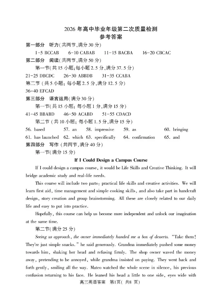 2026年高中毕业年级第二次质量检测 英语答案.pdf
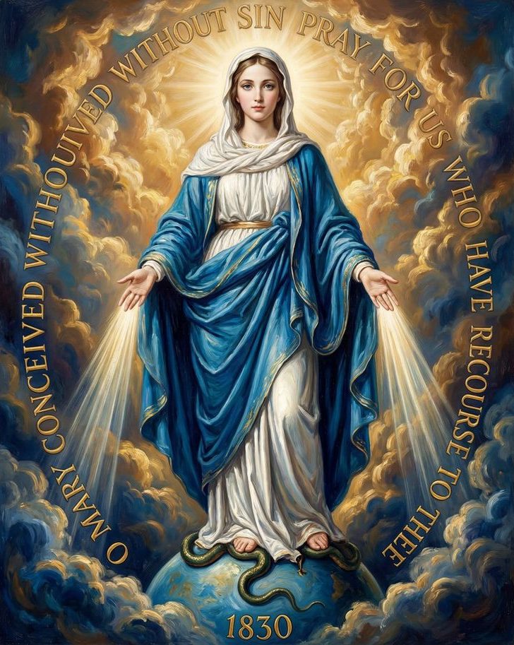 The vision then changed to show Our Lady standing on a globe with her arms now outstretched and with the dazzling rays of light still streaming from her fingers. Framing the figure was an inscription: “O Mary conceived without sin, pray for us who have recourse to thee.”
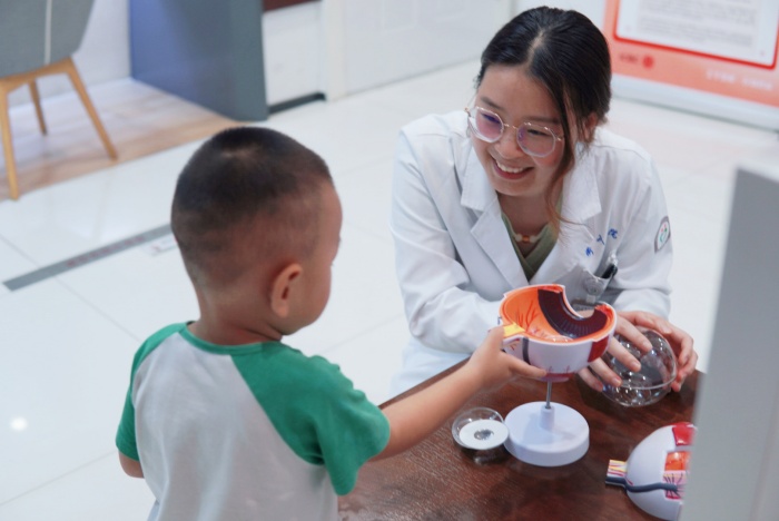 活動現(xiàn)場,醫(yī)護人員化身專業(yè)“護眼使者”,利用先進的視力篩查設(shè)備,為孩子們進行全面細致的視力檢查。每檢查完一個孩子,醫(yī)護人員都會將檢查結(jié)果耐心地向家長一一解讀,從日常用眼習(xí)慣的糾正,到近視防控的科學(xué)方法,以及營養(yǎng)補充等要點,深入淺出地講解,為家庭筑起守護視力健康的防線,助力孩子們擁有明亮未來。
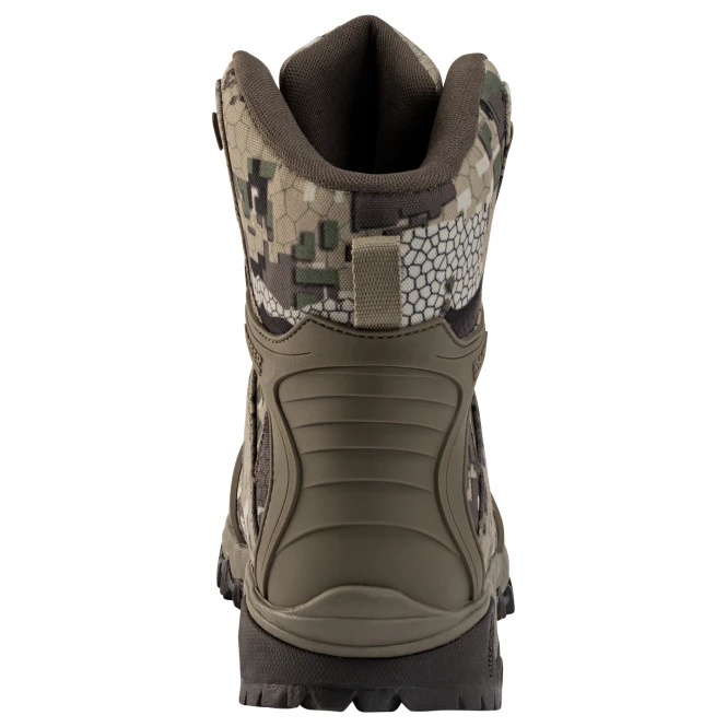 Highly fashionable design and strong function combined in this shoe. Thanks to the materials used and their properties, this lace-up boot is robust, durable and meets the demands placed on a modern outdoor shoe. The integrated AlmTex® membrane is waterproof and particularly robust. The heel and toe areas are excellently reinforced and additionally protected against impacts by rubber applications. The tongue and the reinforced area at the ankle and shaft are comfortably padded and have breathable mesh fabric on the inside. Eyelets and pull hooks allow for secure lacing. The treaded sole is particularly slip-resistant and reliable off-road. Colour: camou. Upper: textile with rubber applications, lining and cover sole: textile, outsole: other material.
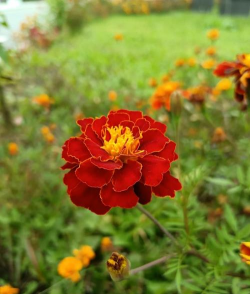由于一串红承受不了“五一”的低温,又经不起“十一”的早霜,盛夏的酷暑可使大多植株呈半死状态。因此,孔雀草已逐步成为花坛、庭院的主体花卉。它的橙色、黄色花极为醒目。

**********

■ **Prompt**
Leaving out every picture, transcribe exactly the lines from the line that contains "Highly fashionable design" through the final line of the entries above.

■ **Solution for this problem**
 Highly fashionable design and strong function combined in this shoe. Thanks to the materials used and their properties, this lace-up boot is robust, durable and meets the demands placed on a modern outdoor shoe. The integrated AlmTex® membrane is waterproof and particularly robust. The heel and toe areas are excellently reinforced and additionally protected against impacts by rubber applications. The tongue and the reinforced area at the ankle and shaft are comfortably padded and have breathable mesh fabric on the inside. Eyelets and pull hooks allow for secure lacing. The treaded sole is particularly slip-resistant and reliable off-road. Colour: camou. Upper: textile with rubber applications, lining and cover sole: textile, outsole: other material.
由于一串红承受不了“五一”的低温,又经不起“十一”的早霜,盛夏的酷暑可使大多植株呈半死状态。因此,孔雀草已逐步成为花坛、庭院的主体花卉。它的橙色、黄色花极为醒目。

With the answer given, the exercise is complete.